Rumah yang ditempati Zakia bukan rumah biasa. Rumah ini juga panti asuhan. Namanya Panti Asuhan Baitul Walad. Di sini, Zakia merawat 15 bayi dan balita. Panti asuhan ini turut mengasuh 74 anak di atas enam tahun yang sudah bersekolah.
Bersama suaminya, Farid Agus Setiawan, pemilik nama lengkap Zakia Hubudiyah itu sudah menggulirkan roda panti asuhan selama 10 tahun. Zakia pun telah akrab dengan banjir yang kerap menyambangi panti asuhan di Jalan Flamboyan, Sungai Kunjang, Samarinda, tersebut.
“Desember 14 kali kebanjiran, kalau Januari ini sudah tiga kali,” kisah Zakia.
Jika banjir, dia dan para pengasuh memilih tidak tidur. Bergantian menjaga bayi. Tiap tiga-empat jam berganti jaga. Sebab, jika banjir masuk rumah, bayi dan balita tetap tidur di kotak ranjang mereka yang tinggi. Sementara pengasuh duduk menunggu di sebelahnya.
Tanggul di depan rumah pun sudah dibuat untuk menghalangi air masuk. Namun, air tetap menemukan celah menyelip ke rumah ini melalui bagian belakang.
Ketika banjir, tak hanya tenaga ekstra yang keluar. Tetapi, biaya yang juga makin banyak. Dia pun sudah tak lagi memakai lemari kayu karena cepat rusak saking kerap disatroni banjir. Saat ini, lemari yang dia pakai adalah yang berbahan plastik. Belum lagi, risiko dikunjungi ular saat banjir.

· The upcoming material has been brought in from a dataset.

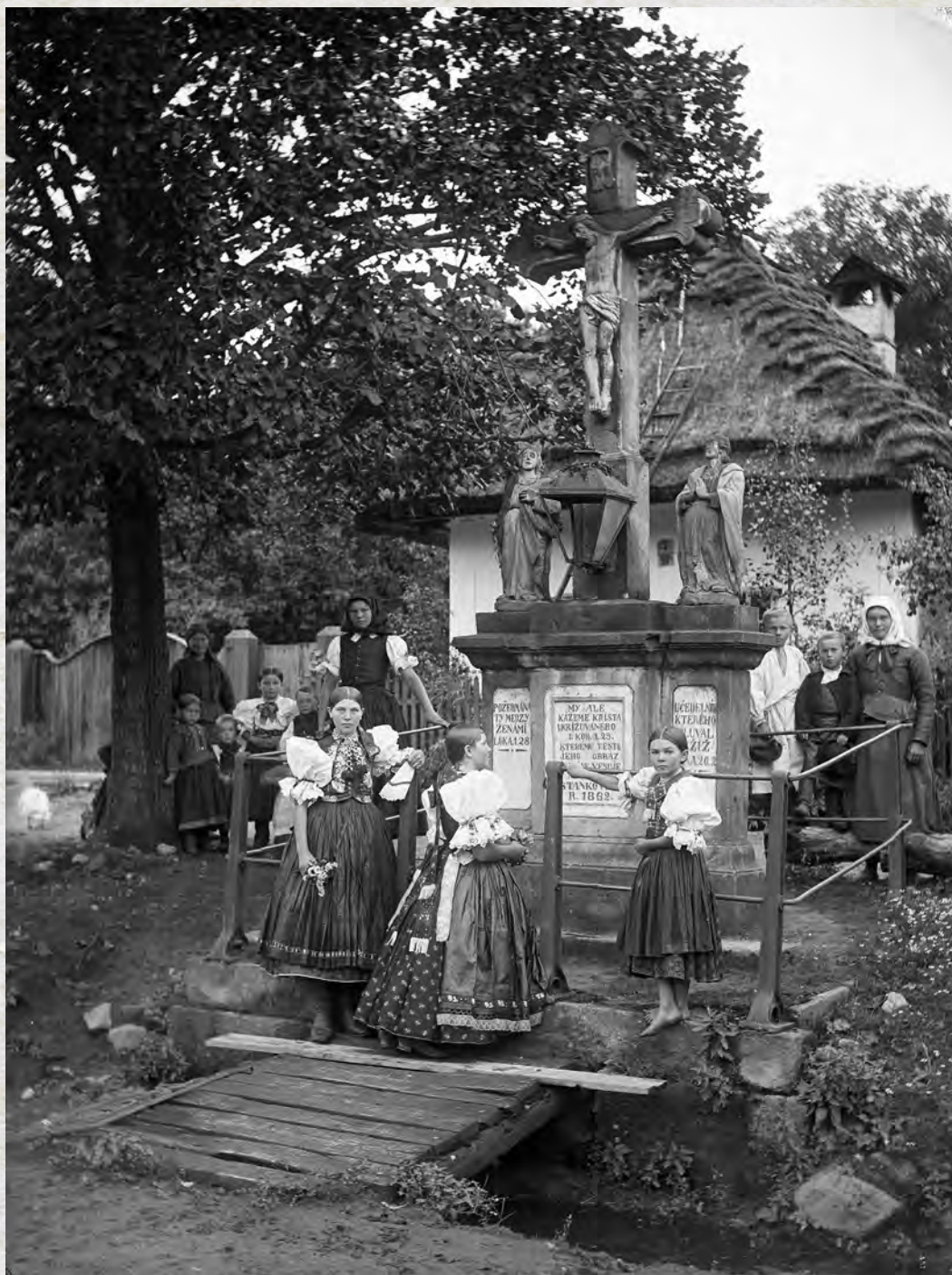
✓ Skupina dievčat a žien poniže fary Andreja Kmeťa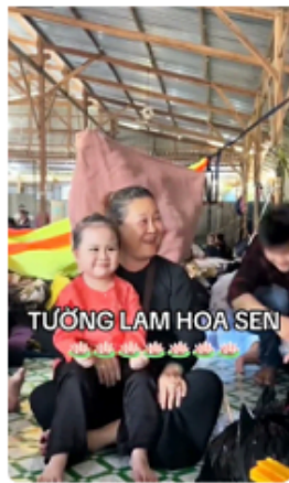
bé tường lam 4 tuổi làm náo động các đồng đạo thập... 2,5 N lượt xem

“Kemarin malam (14/1) saja, sudah ada ular besar hampir selingkar paha di parit depan. Lalu orang pemadam tahu dan ditangkap. Itu saja susah tangkapnya, sekitar setengah jam baru bisa. Belakang panti ini kan gunung, jadi banyak sarang ularnya,” cerita perempuan yang tengah mengandung tersebut.
Pihaknya pun ingin membangun panti baru di area belakang rumah yang posisinya lebih tinggi. Sehingga tak khawatir kebanjiran. Namun, dana yang diperlukan cukup besar. Hitungan Zakia dan temannya menyentuh angka Rp 8,5 miliar. Angka sebesar itu membuat Zakia menunda dulu niatnya. Dia memilih mendahulukan keinginan untuk memberi tanggul di sekeliling panti asuhan. Jadi, air tak bisa masuk. Sembari berharap banjir tak menyatroni rumah ini lagi.
Bagi dia, terpenting saat ini adalah kondisi anak-anak panti asuhan yang masih bayi dan balita. Sebab, ketika banjir, mereka pasti kesusahan air bersih. Jika begini, para balita mesti cebok dengan air minum dan mandi hanya dengan tisu basah.